Elsewhere, piano ballad ‘ILY the Most’ is destined for arenas twinkling with lighters held high, and the breezy ‘Estimated Delivery’ tells the tale of yearning and long distance love, accompanied by Ashton’s waterfall guitar lines. The beat, meanwhile, started off as a sample which the band recreated with three drum machines. “There's these robot arms that have a little trigger that pops out of a ball that you control with MIDI on either side of a hi-hat which is playing perfect sixteenths” explains Caleb. “And then Kieran’s there manually choking and releasing the hat to give it this human imperfection, but it's perfectly in time. It sounds like a sampled breakbeat, but we built it brick-by-brick.”

 

With its skippy drums and arpeggiated synths, the sprightly album opener ‘Through My Teeth’ belies the time Caleb experienced when cutting ties with the strictures of the church, heading to college at 18, and getting “unruly and blackout”. Ironically it was in the church environment where he learned to play guitar, but music outside of worship was verboten, and for a period he left that dream behind — instead partying to excess to outrun his demons and flunking his engineering course, while his relationships buckled.
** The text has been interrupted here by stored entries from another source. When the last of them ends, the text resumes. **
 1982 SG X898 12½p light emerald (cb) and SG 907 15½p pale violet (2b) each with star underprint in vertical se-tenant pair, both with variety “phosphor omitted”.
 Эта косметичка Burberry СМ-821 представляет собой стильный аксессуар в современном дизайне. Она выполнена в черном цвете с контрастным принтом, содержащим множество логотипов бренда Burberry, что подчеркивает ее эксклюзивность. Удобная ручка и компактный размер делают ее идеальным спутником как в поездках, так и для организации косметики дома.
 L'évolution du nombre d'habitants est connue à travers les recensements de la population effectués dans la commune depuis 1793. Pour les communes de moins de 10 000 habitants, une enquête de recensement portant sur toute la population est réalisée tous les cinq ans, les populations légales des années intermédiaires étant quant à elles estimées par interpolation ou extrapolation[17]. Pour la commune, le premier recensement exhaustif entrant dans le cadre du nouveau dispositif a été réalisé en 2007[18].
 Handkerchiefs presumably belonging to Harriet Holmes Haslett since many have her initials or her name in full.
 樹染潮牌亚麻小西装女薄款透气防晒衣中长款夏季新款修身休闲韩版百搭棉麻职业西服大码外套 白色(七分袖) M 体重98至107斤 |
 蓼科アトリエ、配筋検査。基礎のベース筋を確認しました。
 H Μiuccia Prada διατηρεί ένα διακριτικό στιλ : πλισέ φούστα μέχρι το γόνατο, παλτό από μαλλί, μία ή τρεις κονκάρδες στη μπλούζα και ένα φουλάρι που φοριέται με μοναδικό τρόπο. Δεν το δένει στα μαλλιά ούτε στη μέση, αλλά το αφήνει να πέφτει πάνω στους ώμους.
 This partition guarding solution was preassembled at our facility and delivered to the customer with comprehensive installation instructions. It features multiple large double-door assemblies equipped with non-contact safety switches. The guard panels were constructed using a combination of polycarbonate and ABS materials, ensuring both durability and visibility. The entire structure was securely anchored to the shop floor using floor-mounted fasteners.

This was followed by a breakdown and several subsequent years spent dealing with the fallout. Not a savior, perhaps, but Spacey Jane certainly became his purpose and his solace. 

 

“I personally credit the band, but particularly Ashton and Kieran, because Peppa joined later, for showing extreme grace and love and forgiving me over and over again,” he explains. Together the band share an unbreakable bond that makes Spacey Jane tick: Peppa with her fizzing energy and dreamy harmonies stands as a balancing, steadying force; Kieran, the band’s rhythmic core and co-manager, patient, protective, savvy; and Ashton, a high-kicking, louchely exuberant stage presence whose sharp technical chops never hamper his unconventional approach to songwriting. 

 

As a phrase, “if that makes sense,” is often used as a query without a question mark, a request for reassurance that can inadvertently signal a lack of confidence in what's being expressed. And yet, Spacey Jane have never sounded bigger, brighter, or more self-assured. This comes not through swaggering bombast, but rather in the way they’ve embraced pop hooks, and the way life’s clamor of contradictions and nuances — the love, the heartbreak, the frustration, the disappointment, and the lacerating self-doubt — are tackled with a clear-eyed directness and empathy too. And it hits. Because we’re all trying to figure shit out and become the people we want to be. 

 

“In one sense the art is just something I want to do, and in another sense, it's the whole backbone of this amazing life,” explains Caleb. “It’s a complicated thing to figure out, but I’m so grateful for everything that went into making this record, and what it made us. For me at least, this process broke me down — it was like stepping off the cliff and not knowing if you're going to be caught, but it also made me way more sure of who I am and the kind of artist I want to be. I love this project and I want to play it for people, and I love my bandmates and this thing we've built together. We stepped off the cliff everyday and loved it, and we have never been happier with our work than we are now. So it is with great uncertainty and immense pride that we deliver this album.”